Copy exactly the lines of the data below, beginning with the line with "ANZO 09-18 Dodge" and ending with the line with "这款机箱设计合理,它把机箱内". Pictures are to be omitted.

Dataset entries ->
***

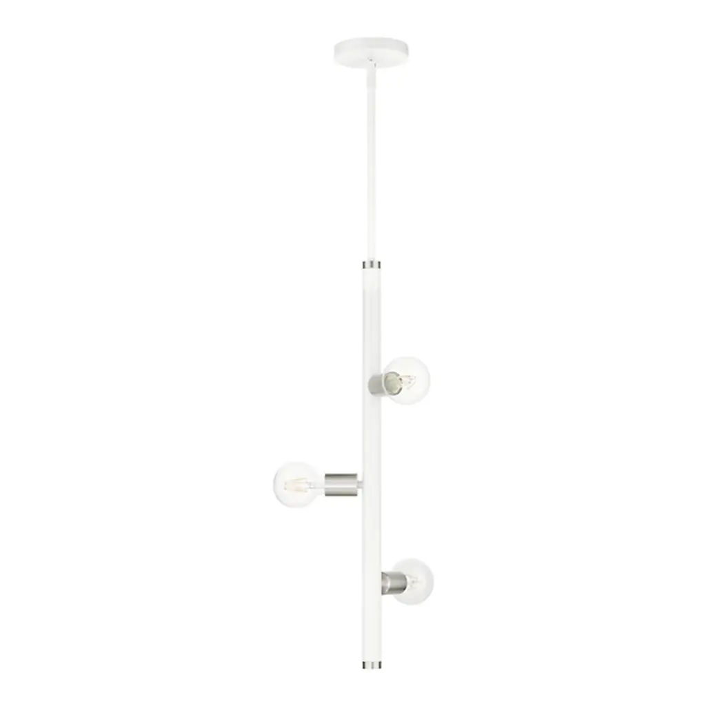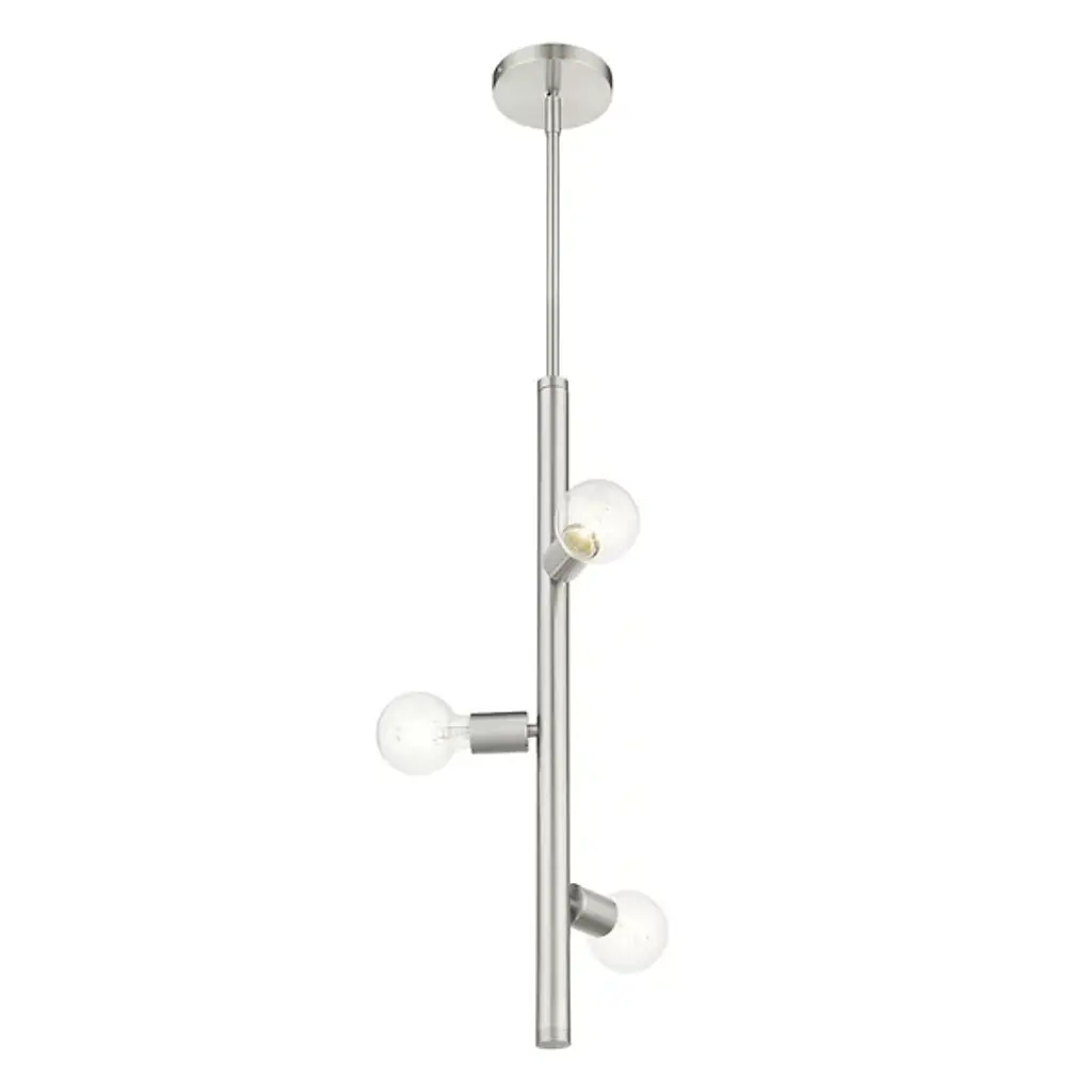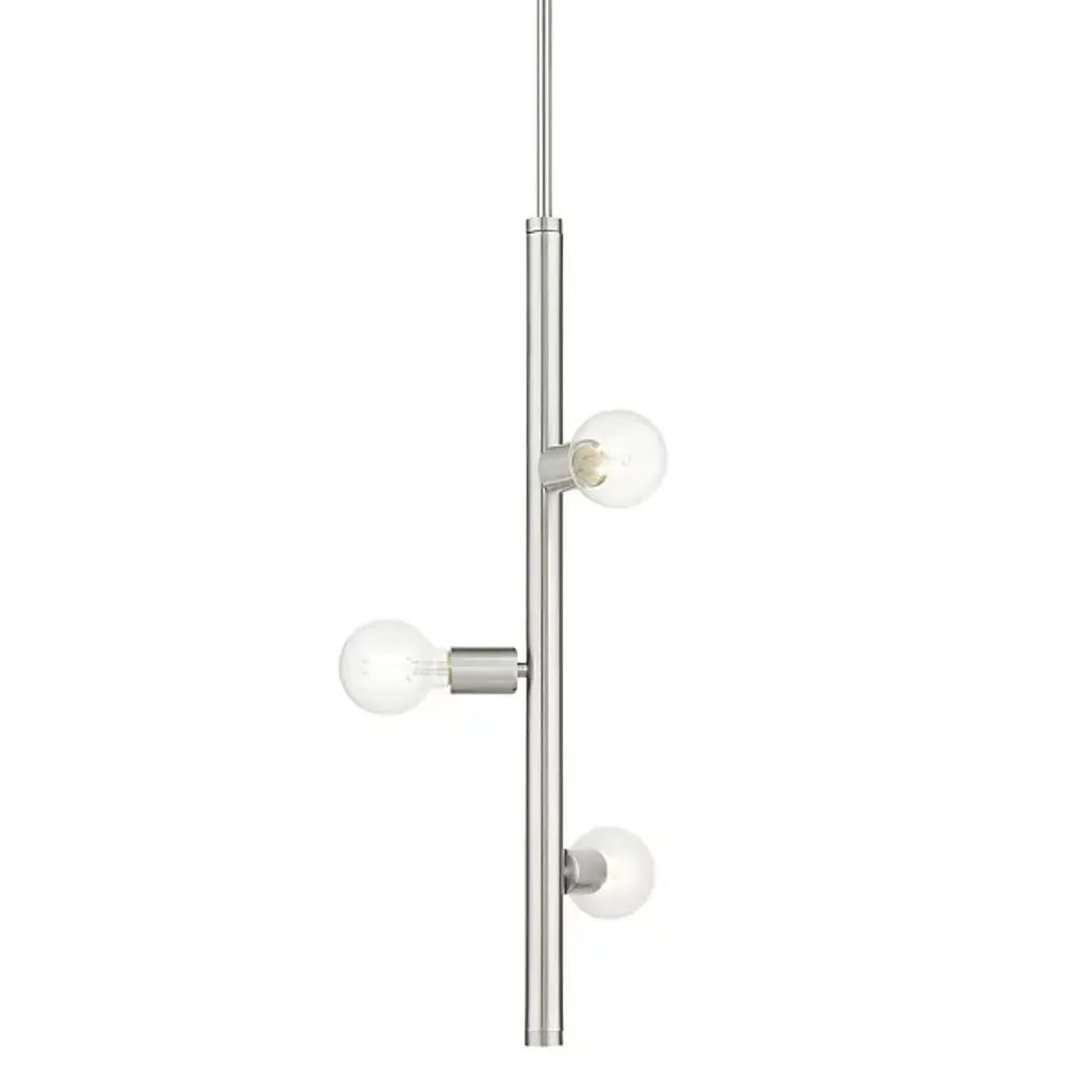 A simple and sleek way to bring new light to your modern home. The Hampton Pendant from Alder & Ore shapes the décor with a minimalist presence, complementing well with a variety of style choices. This piece hangs from the ceiling with a long and thin downrod that thickens to become the body of the piece. A set of crisp bulbs mount directly to the body, oriented in various ways to ensure a full glow reaches throughout the room.
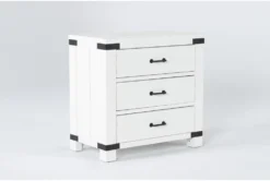 When it comes to bringing charm, character and function to your retreat, no collection does it better than our Wade bedroom designs. Enriched by farmhouse features, these pieces offer inviting style, quality construction and a combination of hardworking materials. In addition to solid pine and pine veneers in a silo white finish, you’ll find metal elements in a forged iron finish. Drawers with French and English dovetail joinery and side-mounted ball-bearing guides ensure smooth operation, while details like USB ports in the nightstand and touch LED lighting on the storage bed incorporate convenient smart technology.
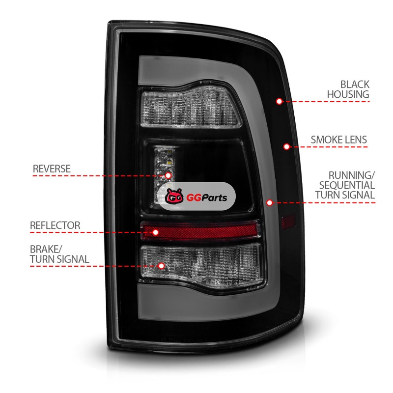 ANZO 09-18 Dodge Ram 1500 Sequential LED Taillights Smoke Black
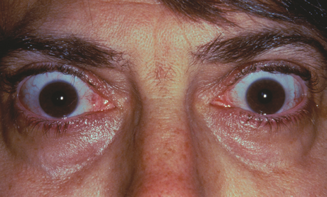Eyelid retraction - eyelid lag on downgaze - lagophthalmos (inability to close eyelids properly - exposure keratopathy)
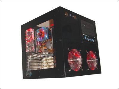 这款机箱设计合理,它把机箱内部空间为两部分,并内置三个12cm风扇和两个8cm风扇,为内部散热做足了准备。
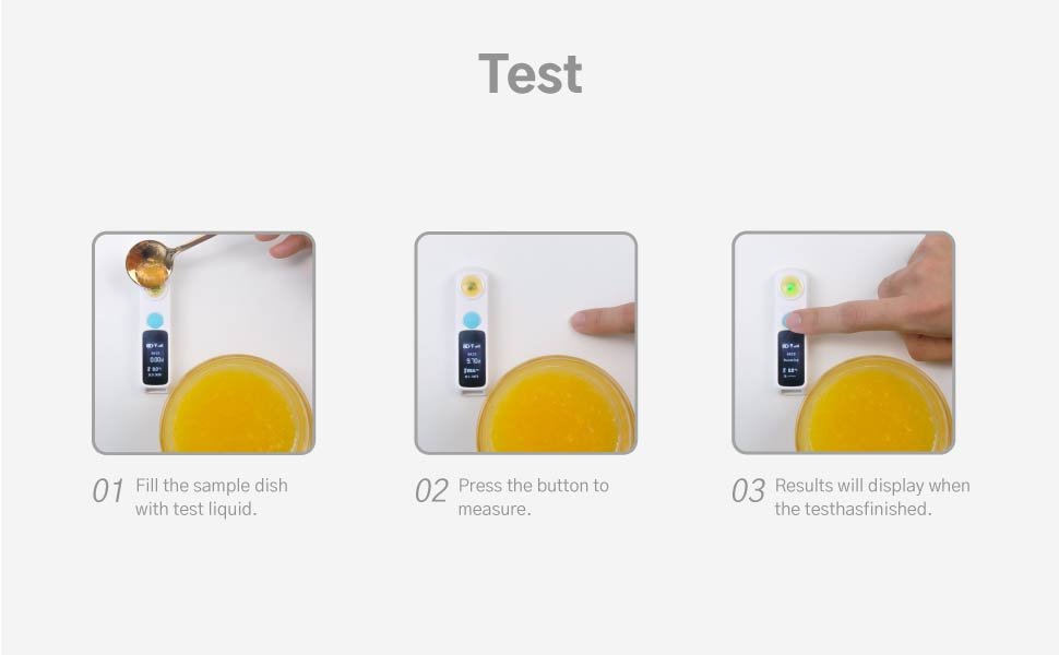 • Highly Accurate & Precise: Test sugar content in a range of 0-32% with ±0.1% precision and 0.05% resolution for reliable results every time.
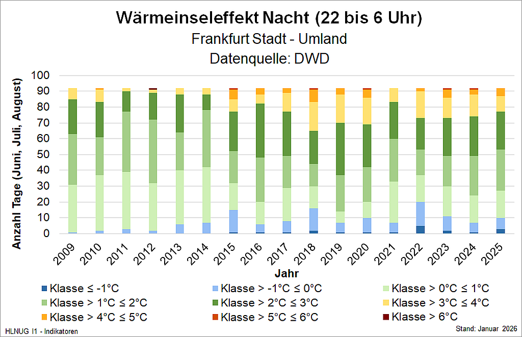 Die Ausbildung einer städtischen Wärmeinsel (Urban Heat Island = UHI) beschreibt das Phänomen, dass sich innerhalb von Städten Wärme- und Hitzebelastungen unterschiedlich stark bemerkbar machen und Städte im allgemeinen stärker betroffen sind als das unbebaute Umland. Je mehr Fläche die Städte beanspruchen und je dichter sie bebaut sind, desto größer fällt der Wärmeinseleffekt typischerweise aus. Die Darstellung als Indikator veranschaulicht diesen Effekt, hier am Beispiel der größten hessischen Stadt Frankfurt am Main (ca. 750.000 Einwohner). Infolge des Klimawandels steigen die Temperaturen in Hessen ganzjährig an. Für die menschliche Gesundheit ist die zusätzlich noch verstärkte Aufheizung der Stadt vor allem in den warmen Sommermonaten relevant. Insbesondere die mangelnde nächtliche Abkühlung ist dabei von großer Bedeutung. Zwar ist die Ausprägung einer Wärmeinsel in den Innenstädten keine direkte Folge des Klimawandels, sie gewinnt jedoch mit den aufgrund des Klimawandels steigenden Temperaturen zunehmend an Bedeutung. Durch den Wärmeinseleffekt werden aber nicht nur die menschliche Gesundheit, sondern auch urbane Ökosysteme beeinflusst.
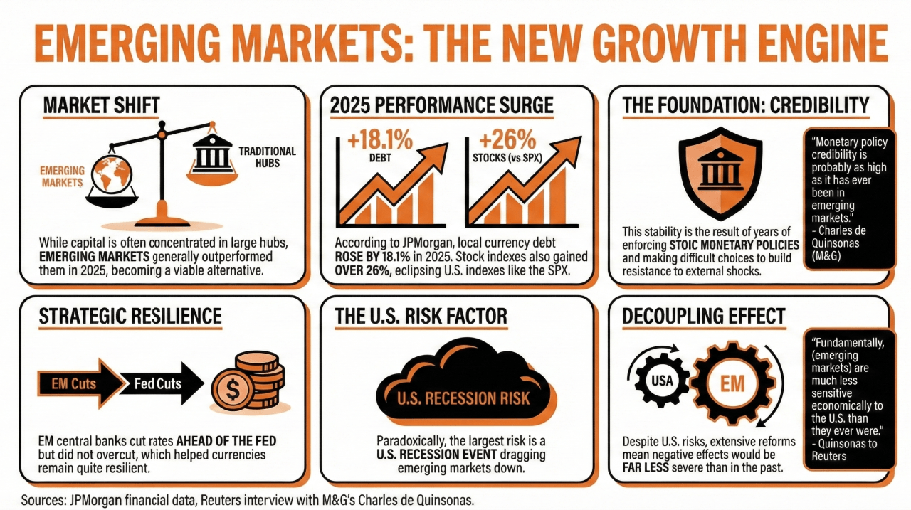Rozvíjajúce sa trhy dôsledne prekonávali väčšie finančné centrá, pričom dlh v miestnej mene vzrástol o 18,1% a akciové indexy získali nad 26% v roku 2025. - Aké faktory prispeli k stabilite rozvíjajúcich sa trhov?
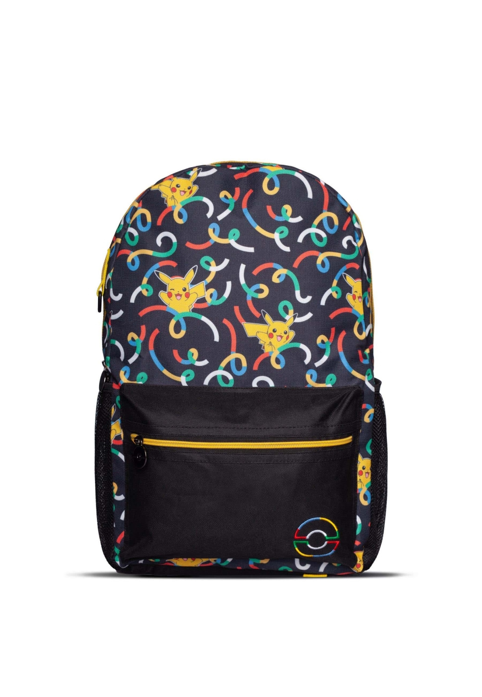 Skil dig ud fra mængden med denne livlige og unikke Pokémon rygsæk. Det farverige sublimeringstryk dækker hele stoffet på denne taske og vil helt sikkert tiltrække sig opmærksomhed fra andre Pokémon fans. På frontlommen finder du et 3D-broderi af den ikoniske Pokéball. Andre grafiske elementer er de prægede Pokéball-metaltrækkere og matchende gule bånd og lynlåse. Denne Pokémon rygsæk har også et forstærket laptop-sleeve på bagpanelet til din laptop.
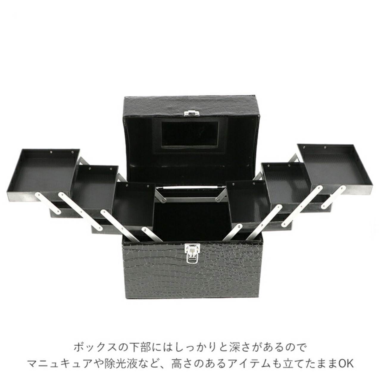 ・左右各3段(全6段)のコスメ用トレーを観音開き状に左右に大きく広げることができる、本格的なつくり。メイクアップアーティスト顔負けのプロ仕様。
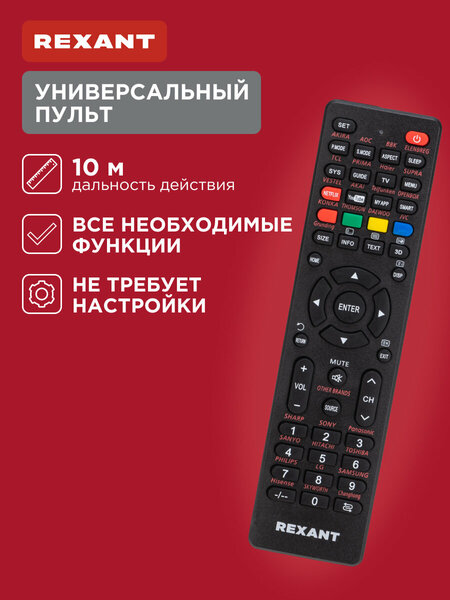 Универсальный пульт дистанционного управления REXANT представляет собой удобное решение для управления большинством современных телевизоров различных марок. Он совместим с широким спектром производителей, включая VESTEL, GRUNDIG, SHIVAKI, AKIRA, DAEWOO, KONKA, PRIMA, JVC, THOMSON, HISENSE, TCL, SHARP, SONY, PANASONIC, SANYO, HITACHI, TOSHIBA, PHILIPS, LG, SAMSUNG, ERISSON, FUNAI, CHANGHONG, AIWA, и SKYWORTH.
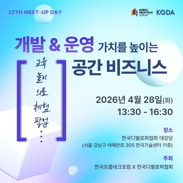 한국디벨로퍼협회는 28일 서울 강남구 역삼동 협회 대강당에서 '개발&운영 가치를 높이는 공간비즈니스'를 주제로 '제22회 밋업데이(Meet-Up Day) 행사를 개최한다.

***

Answer below ->
 ANZO 09-18 Dodge Ram 1500 Sequential LED Taillights Smoke Black
Eyelid retraction - eyelid lag on downgaze - lagophthalmos (inability to close eyelids properly - exposure keratopathy)
 这款机箱设计合理,它把机箱内部空间为两部分,并内置三个12cm风扇和两个8cm风扇,为内部散热做足了准备。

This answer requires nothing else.